The S designation stands for suburban, following the practice of designating sub-surface London Underground stock with a letter associated with its intended route—A Stock on the Metropolitan line to Amersham, C Stock on the Circle line, and D Stock on the District line.

Part of Bombardier's Movia family, the stock consists of 192 trains, with 133 S7 seven-car trains for the Circle, District and Hammersmith & City lines, and 59 S8 eight-car trains for the Metropolitan line. The order was said to be the biggest single rolling-stock order in Britain at a cost of £1.5 billion.

S Stock trains have faster acceleration than previous models, at 1.3 m/s2; their top speed of 62 mph is 8 mph slower than A Stock, but faster than C and D Stocks.

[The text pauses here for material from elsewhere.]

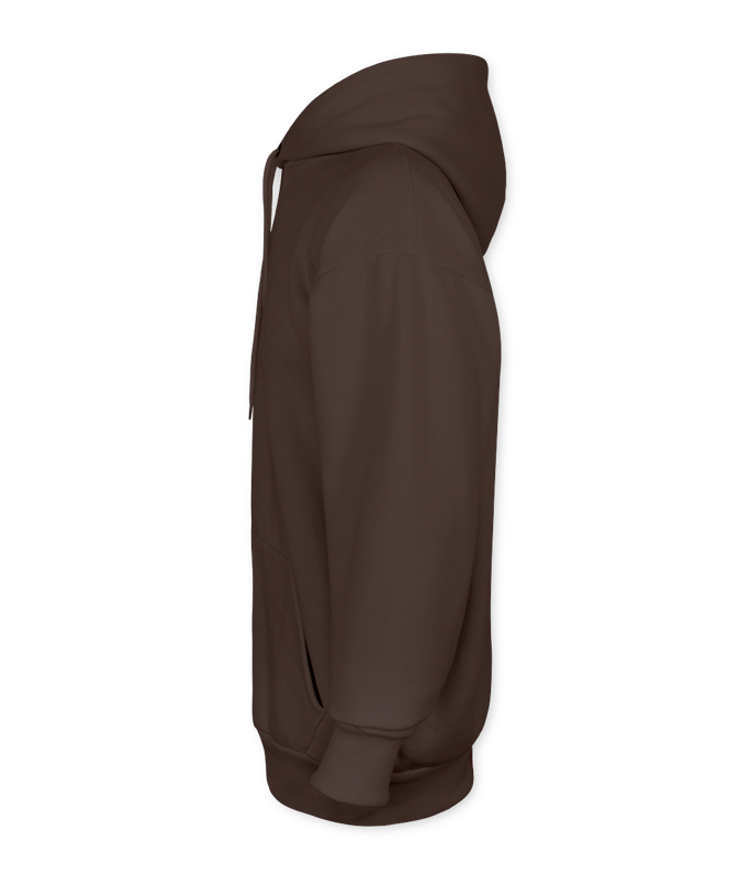 Moletom Canguru de 3 cabos, na cor Marrom, com estampa grande na frente.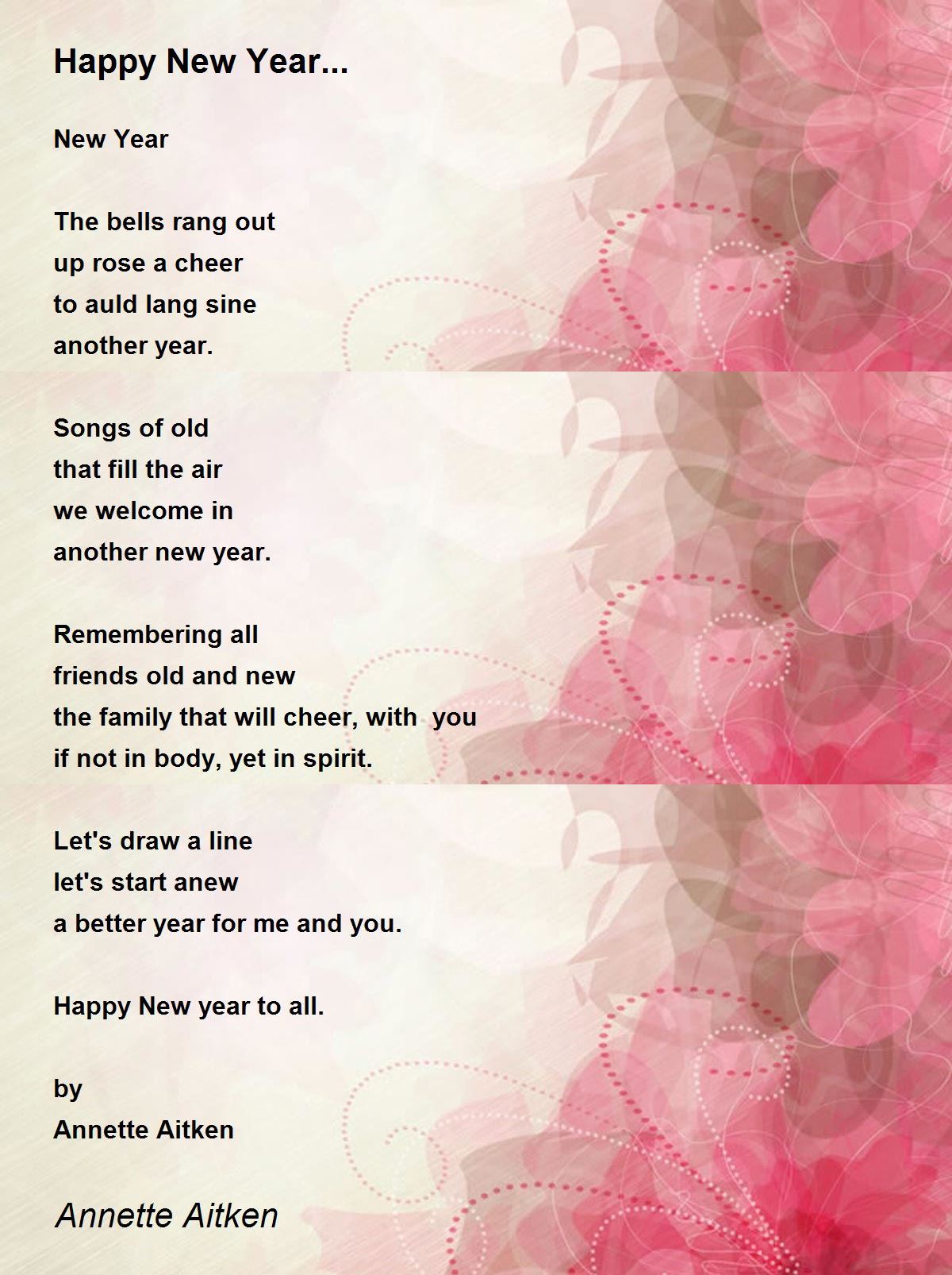 Yes, indeed, 'let's draw a line, let's start anew, A better year for me and you. Happy New Year to all.' Thanks! Happy New Year to you too!

During the period of dual operation with both old and new trains, the stock had its performance capped to match that of the older trains in order to comply with signalling constraints and avoid bunching of the service. S8 stock trains seat 306 passengers compared with 448 for A Stock, a reduction of 32%, but can accommodate 25% more standing passengers (1,226 compared with 976) and have dedicated space for wheelchairs.

As of 2017, the fleet is significantly more reliable than older trains, averaging around 110000 km between failures – around seven times further than A Stock and C Stock trains, and three times further than D Stock.

The voltage has been increased from nominal 630 volts to 750 volts. This allows for better performance and also for the increased power demands of air-conditioned, fully motored-axle trains, and allow the trains to return energy to the network through regenerative braking.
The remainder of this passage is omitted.